Severian is a mass-murdering rapist. A torturer by trade. A traitor to cause and friend. A man who beds his own grandmother. An aristocrat who marries the last daughter of a dying house. He is the restored King of an exhausted empire, pledged to endless war against democracy, against the forces of desire. A flame, a guttering flame, on a dark night—an impious symbol of man’s dominion over nature holding all the defiance and cruelty of his species. His story is a cry of the heart against the ceaseless march of rivers to the sea, a reactionary’s lament.
Behind our efforts, let there be found our efforts.
Wolfe constructed Book of the New Sun out of recontextualized pieces of Catholic theology, Golden Age sci-fi, mythology and history. How much of his novels, so fresh and original, consist of set locutions, of the pieces of a genre young readers learn to know by heart, the set tags of masculinist fantasy? All of it? None of it?
The story interlude is a game and Wolfe is playing with you, asking you to find the sun behind the earth.
Book of The New Sun is a fairly obvious example, then, of the maxim titling this section: A text tells you how to read it. Other books that give you explicit directions for reading and interpreting them include: Lolita, The Blind Assassin, The House of Leaves, Hearts in Atlantis, Julian and The Alexiad of Anna Komnene. To talk further about Komnene’s work, The Alexiad is one of the last works of self-consciously Greco-Roman history. The formalism of classical texts, like the formalism of stories within stories or of epistolary novels, creates catch points where an observant reader can start to take apart the text line by line; Alexios Komnenos was not Alexander the Great, so what does Alexander’s invocation tell us of Alexios’ time and of Anna’s purpose?
I believe this is the logic of all complex, literary texts. I don’t mean here the sort of lazy, redditarian listing of tropes and decoding them according to ‘alternate’ (read: Illiterate) interpretations. I mean that every text worth reading possesses meanings on multiple levels and that the text gives you the requisite symbolic and rhetorical language with which to find those levels.
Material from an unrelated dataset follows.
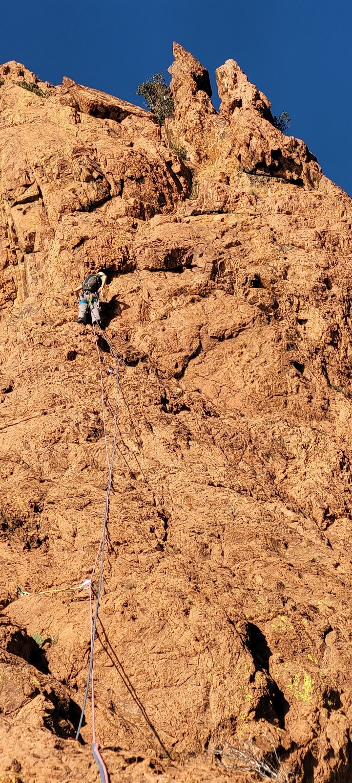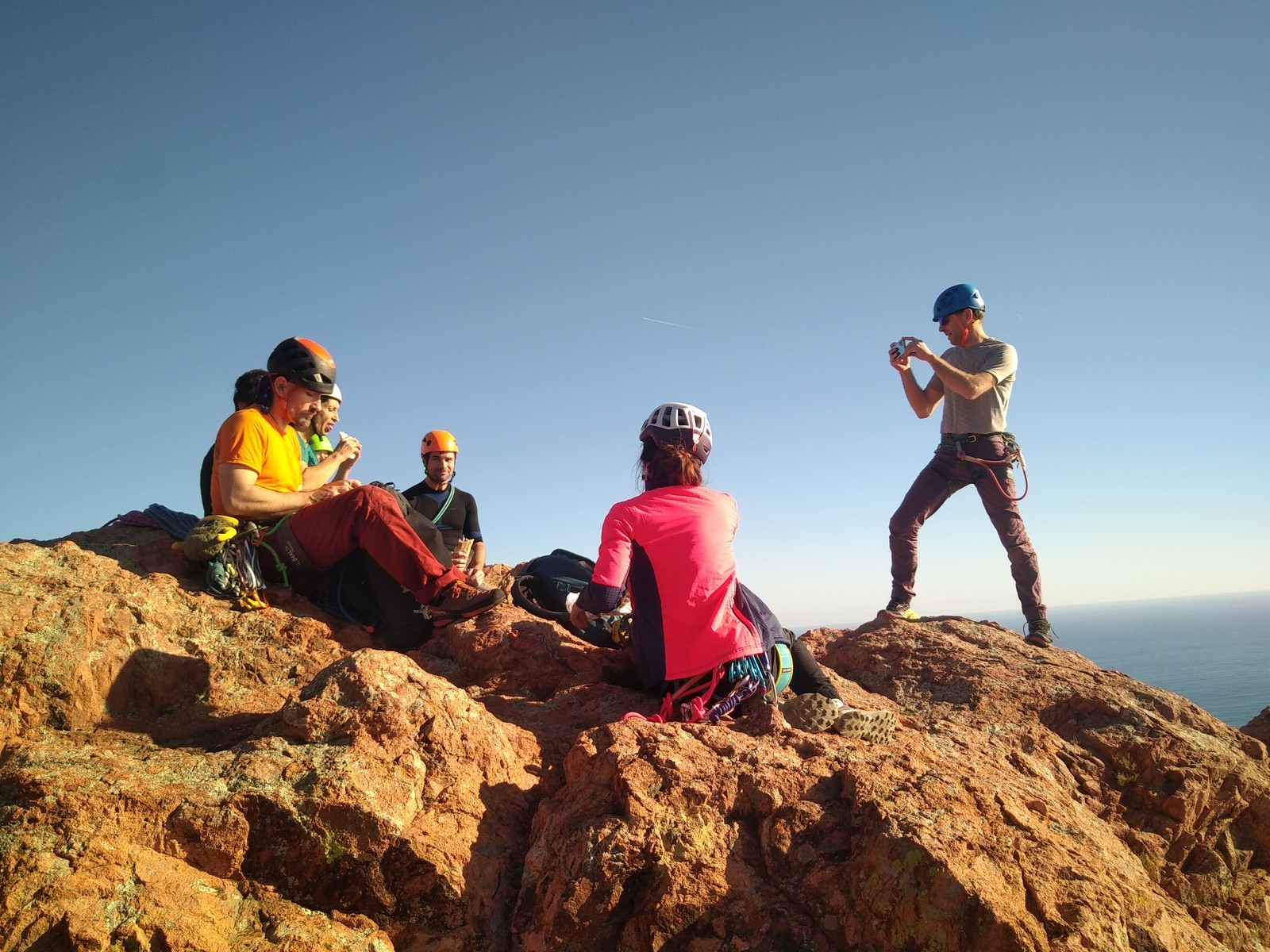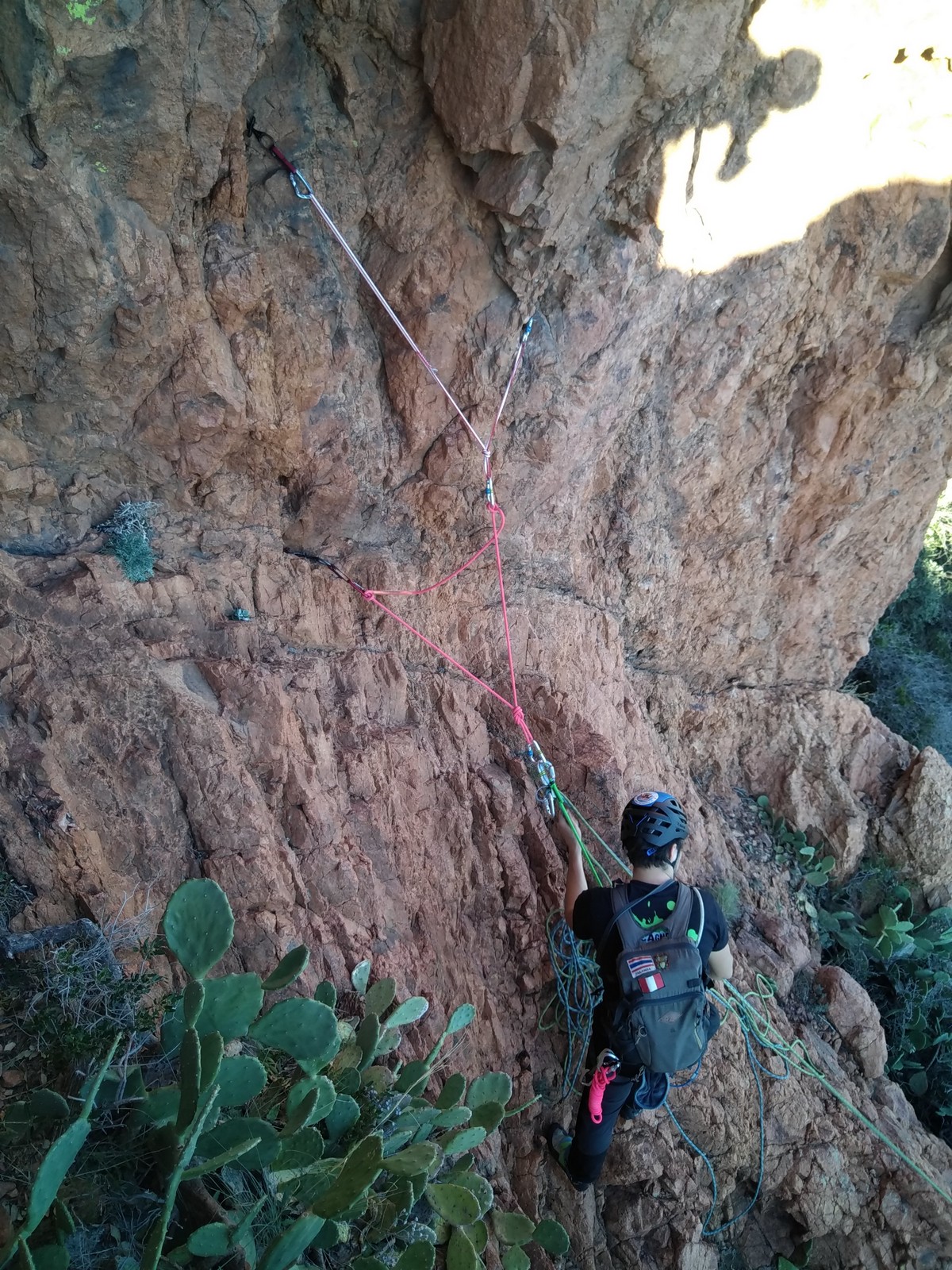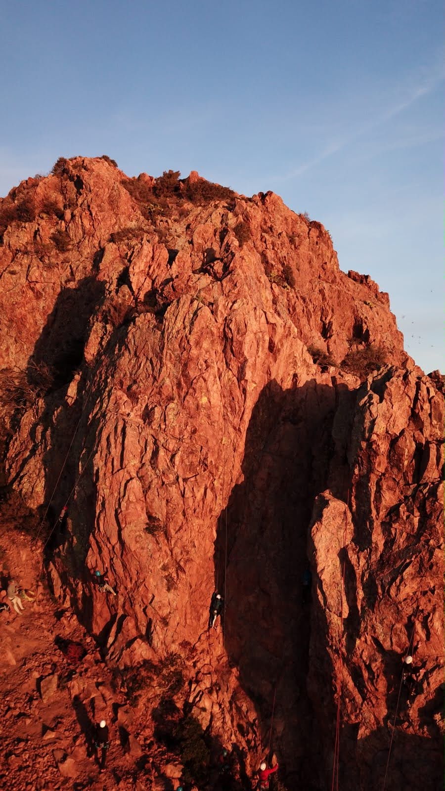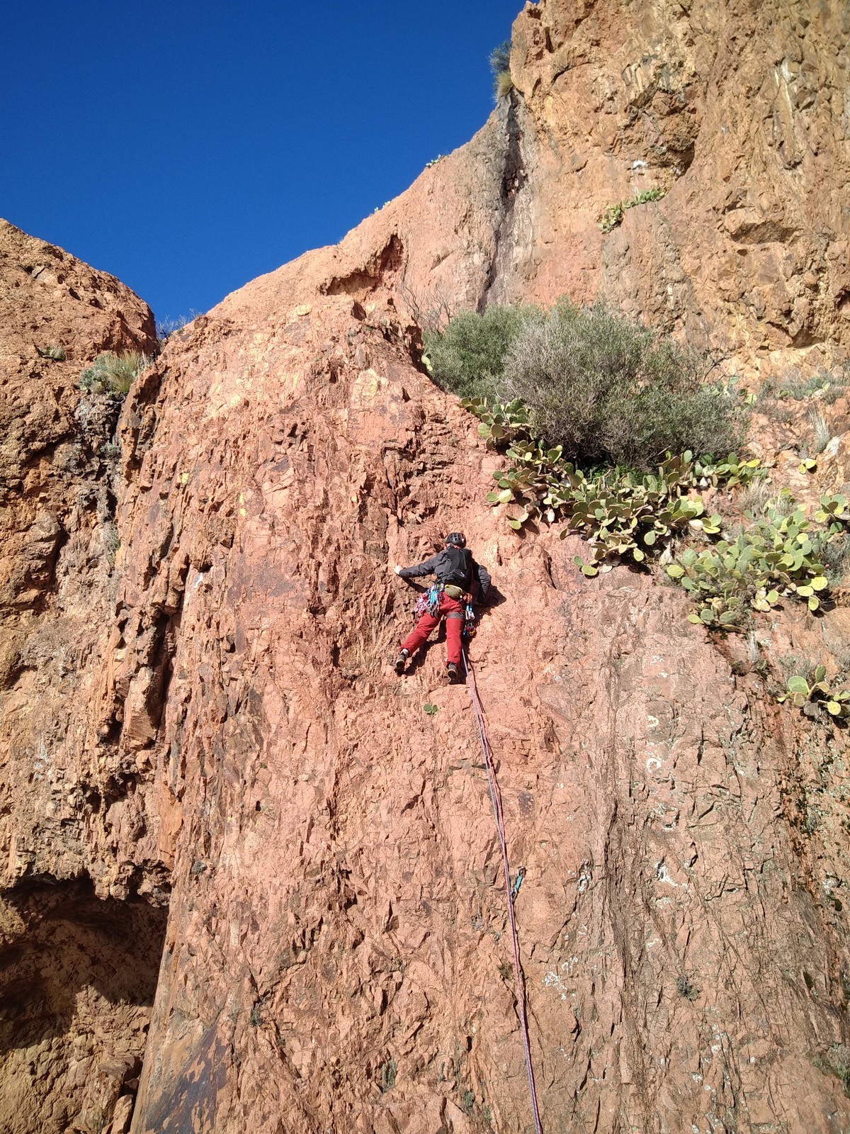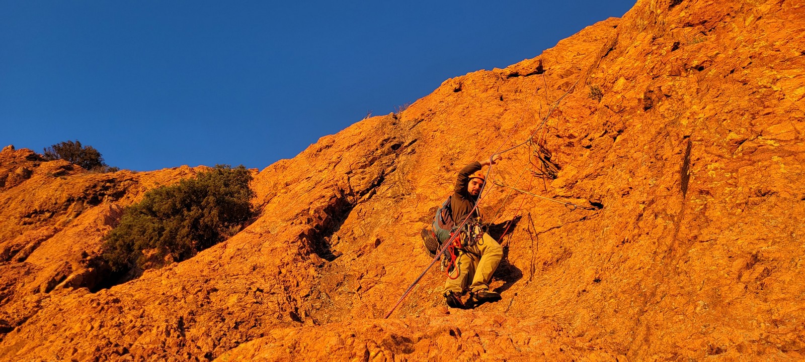 Nous planifions de nous retrouver au sommet pour manger un bout et repartir pour une seconde voie l’après-midi si le timing est correct (au moins une partie du groupe). Il faut garder à l’esprit que le soleil se couche à 17h et qu’il fait nuit à 17h30 ! Ainsi, les cordées s’activent aux sons des messages dans les talkies. Un « assuré » par-ci, un « départ bleu » par là me permet de garder à l’esprit où en est chacun de mes grimpeurs.

The first step is to read it with an eye for repetition and for emphasis, not just literal repetition either, but emotional repetition. Which moments bear the same weight? Which feel self-consciously too small? Which are curiously absent?
Prufrock is afraid
An exercise is in order. The Love Song of J. Alfred Prufrock is a poem about desire. While Prufrock has been endlessly dissected, I once memorized the whole of it, so I’m going to write about it a little too. This is a poem about hearing and speaking. In the first draft of this essay I tried to include all the references to speech or speaking, but that ended up being about half the poem, so here are four small examples:
“The muttering retreats
Of restless nights in one-night cheap hotels”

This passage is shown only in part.